I can't recall having ever seen a steerer that appeared to have rolled threads, but have noticed that new ones always look to have cut threads.
And, if any maker did use rolled threads on a steerer, you would think that they would tout this in their marketing, as it would likely have been costly to accomplish. But then, they would have to be able to say that they also rolled or formed the flat or groove, so as to be seen as consistent in whatever argument for rolled threads that they put forth.
So, in the well-remembered words of my enthusiastic high school trigonometry instructor Mr. Kutnohorsky (or "Cut", as the hipsters referred to him), when referring to the use of any less-than-simplest approach to solving trig problems, "It's a nightmare".

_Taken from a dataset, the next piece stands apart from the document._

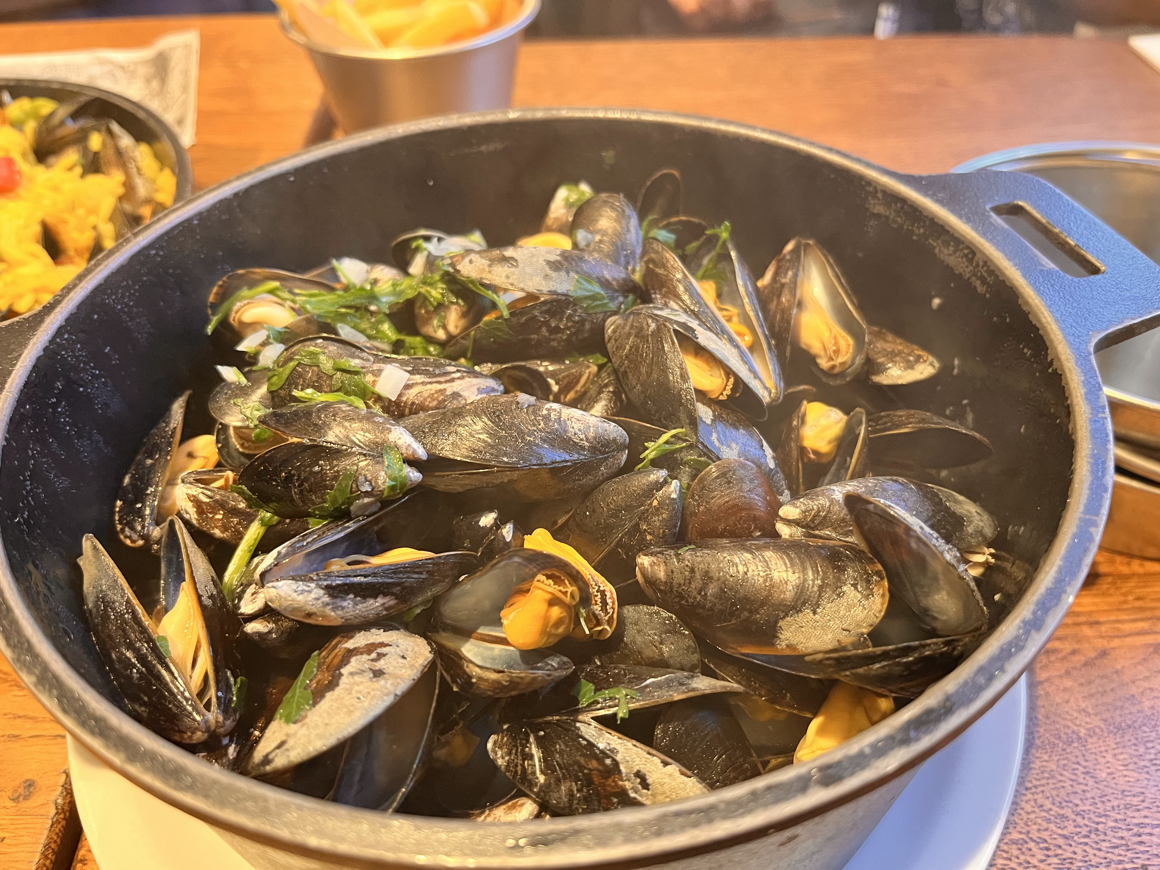 Les moules sont toujours une valeur sûre, par contre déçu par la paella, trop salée (probablement surgelée), et goût/texture indigne de la culture espagnole. Plat déconseillé. Service à l'écoute, pas trop d'attente malgré un restaurant presque plein.

Cheap department store bikes used them, and Steve at Bilenky seems to have some nicer ones - which you didn't believe. I have seen cheap steerers that are barely round and looked like some process far from a lathe was involved.
I'm coming into this "conflict" late, but you should consider that there is probably a good reason a lot of people think that some threads are rolled. It isn't because they all took tours of bike factories, or had rolling machines at the bike shop. Most shop employees wouldn't even consider that something threaded get that way in a process different than the frame prep tools they are familiar with. So if the rolled thread thing is a complete fabrication, who came up with it and why?
I believe that rolled threads were likely at some point because of what little I know about industrial processes prior to CNC - stamping and forming were much preferred for most of the 20th century because they tended to strengthen cheap steel and was much easier on the tooling. Now we think of everything being cut out of blocks of billet, but in decades past those types of machine operations were avoided.